The article is structured as follow: A literature review is presented in section two. Afterwards the methodology is set out in chapter three. Building upon this, the results of the empirical analysis are showcased in the fourth part, whereby the paper rounds up with a discussion and conclusion including implications for research and policy.

2. Literature Review

Recent research studies on Industry 4.0 highlighted that the fourth industrial revolution will change not only the manufacturing sector, but also other industries and their corresponding supply chains. In this context and by concerning the logistics sector, it must be noted that Industry 4.0 becomes relabeled by the term Logistics 4.0. As stated by Delfmann et al. (2018), the implementation of the envisaged Industry 4.0 vision “without Logistics 4.0 is just unthinkable as the globalization of the economy without logistics networks that span the world’ (p.2)”. Ergo, the digital transformation of the economy and society will be not safeguarded, if logistics is neglected or the logistics performance is not adequately met. As highlighted by Hofmann and Rüsch (2017), Industry 4.0 can only become reality, if logistics is able to supply production systems with the necessary input factors according to the right time, quality and place requirements. Principally, Logistics 4.0 – also known as smart logistics – is regarded as a specific management approach for developing, designing, managing and realizing change-oriented networks of object flows (e.g., goods, information, values) based on pattern recognition, generalization and self-organization, enabled through the usage of new technologies and innovative services (Wehberg, 2016). Therefore, flexibility and the ability of logistics systems to adjust and adapt is an essential requirement within the Logistics 4.0 paradigm (Schmidtke et al., 2018). Consequently, the central strategic questions is how to improve the logistics performance in order to enable and facilitate the digital transformation and Industry 4.0.

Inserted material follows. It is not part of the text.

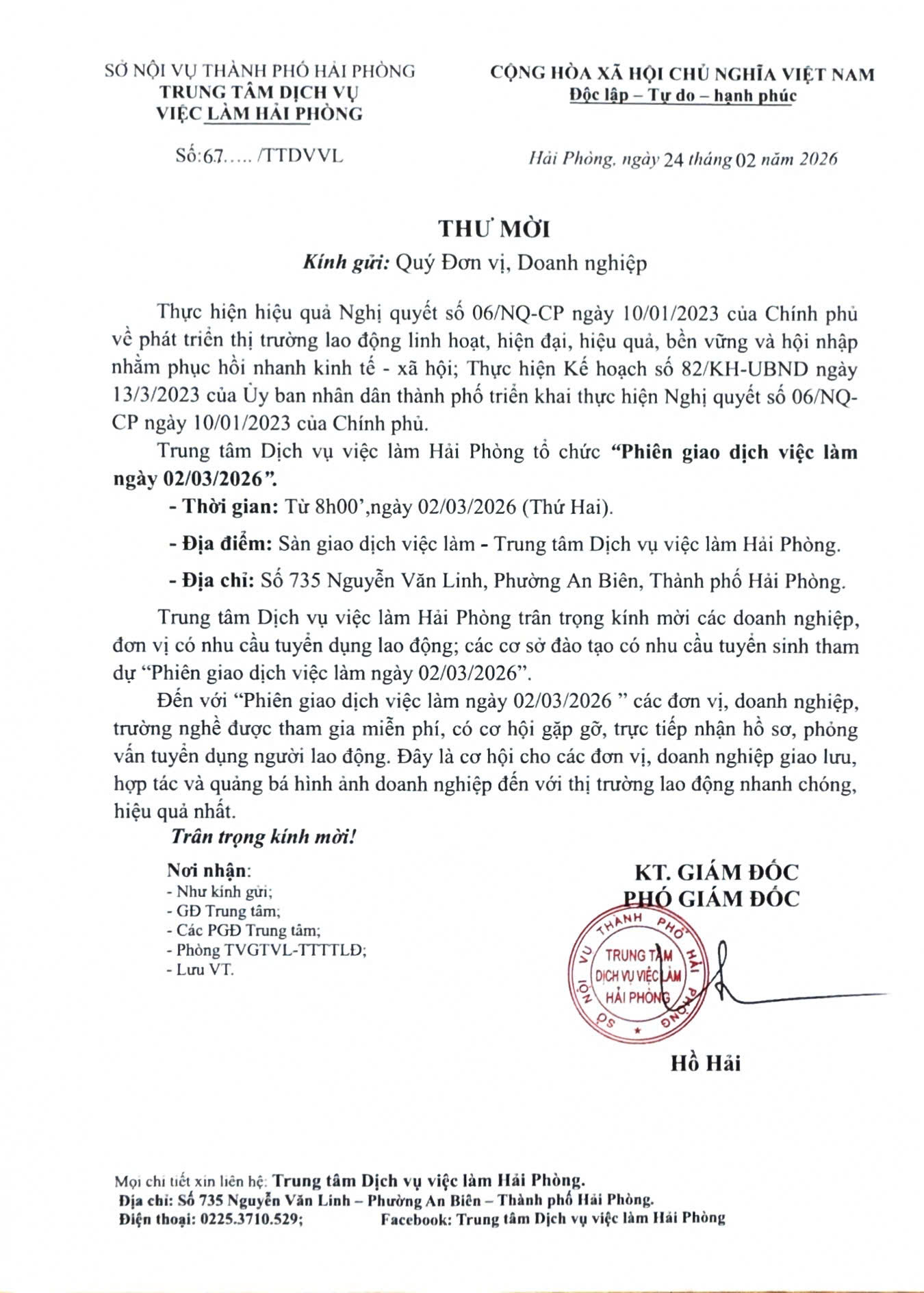 Nhằm kết nối hiệu quả Cung - Cầu lao động, hỗ trợ doanh nghiệp, đơn vị tìm kiếm nguồn nhân lực chất lượng và giúp người lao động tìm được việc làm phù hợp, Trung tâm Dịch vụ việc làm Hải Phòng trân trọng kính mời Quý Doanh nghiệp trên địa bàn thành phố đăng ký tham gia Phiên giao dịch định kì tại Trung Tâm

Recent studies analyzed on company level (i.e., micro logistics level) the impact of varying innovative technologies on logistics performance. Hence, it can be stated that specific novel technology applications provide a sustainable mean for firms to improve their logistics performance (Lai et al., 2010). For instance, there is a positive association between the adoption of the RFID technology and supply chain performance in case of logistics service providers (Lin & Ho, 2009). Next to this, a study from Martinez et al. (2019) showed that within customer order management (COM), which commonly forms an integral part of supply chain management, a reduction in the processing time for placing orders by 65%, for amending orders by 60%, and human-processing savings by around 50% are achievable through the adoption of blockchain (incl. smart contracts). Additionally, a study on transport companies by Nelson et al. (2017) showed that the usage of blockchain and smart contracts bears the potential to increase the profit margin in supply chains by 2 to 4%. Furthermore, it was also showcased in recent studies that from a holistic perspective the enhancement of the technological basis concerning the entire performance process of firms comprising planning, procurement, manufacturing, delivering and return results in improved logistics costs as well as processes with optimized workflows and reduced lead times (Kayikci, 2018). Moreover, Ardito et al. (2019) identified in their study a subset of enabling technologies pertaining to the fourth industrial revolution that can be considered as most relevant for an effective supply chain integration of firms (here: Industrial IoT, cloud computing, Big Data analytics, etc.). Apart from this, Strange and Zucchella (2018) in their research study assessed how the widespread adoption of new information technologies and solutions (i.e., IoT, Big Data analytics, robotic systems and additive manufacturing) affect the organization of activities within global value chains. Correspondingly, it can be stated that the adoption of innovative technologies generates both benefits and challenges for individual supply chain actors and stakeholders (Dallasega et al., 2018).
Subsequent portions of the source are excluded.